Tem gente criticando sim, mas já internalizamos esse comportamento como o normal para o mandatário. Há críticas mas não há surpresa.
Quando José Serra perdeu para Dilma Rousseff em 2010, demorou algumas horas para dar as caras. Foi um tremendo mal estar, um falatório generalizado. Não é a demora que se esperava de alguém que se propôs a presidir um país.
Serra não era presidente da República. Jair Bolsonaro esqueceu que é presidente de todos os brasileiros. Não é a Lula que ele devia um pronunciamento imediato, é ao povo que o elegeu e que quase o elegeu de novo.

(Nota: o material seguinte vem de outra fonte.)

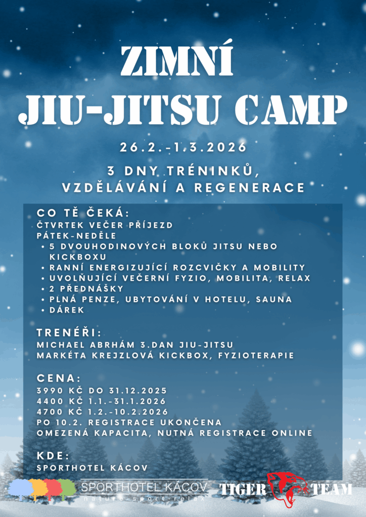 Zveme tě na zimní soustředění. Kácov moc dobře známe z letního kempu, nyní si ho užijeme v zimě. Spí se v hotelu, kde o nás bude tradičně postaráno. Kemp bude kromě několika hodin na tatami ve vyhřátém stanu doplněn o energizující ranní rozcvičky, zajímavé přednášky, ale také o večerní relax při uvolňujících mobilních cvičeních s fyzioterapeutkou a využití biohackingu.

Para Lula, o pronunciamento pouco importa. Seria obviamente mais confortável saber que as portas estão abertas para uma transição. Fora isso, quem reconhece a vitória efetivamente e conduz a troca de presidentes é o Tribunal Superior Eleitoral, não o ocupante do Planalto.
Mais do que ir dormir sem se dirigir aos cidadãos do país que preside, Jair Bolsonaro parece ter dobrado a aposta. As manifestações de caminhoneiros travando rodovias são escandalosas. O silêncio do presidente é eloquente nesse caso.
Ele tem influência suficiente sobre essas lideranças para convencer a arrefecer o movimento. Não faz porque não quer. Assim, dobra a aposta da radicalização que o removeu da cadeira.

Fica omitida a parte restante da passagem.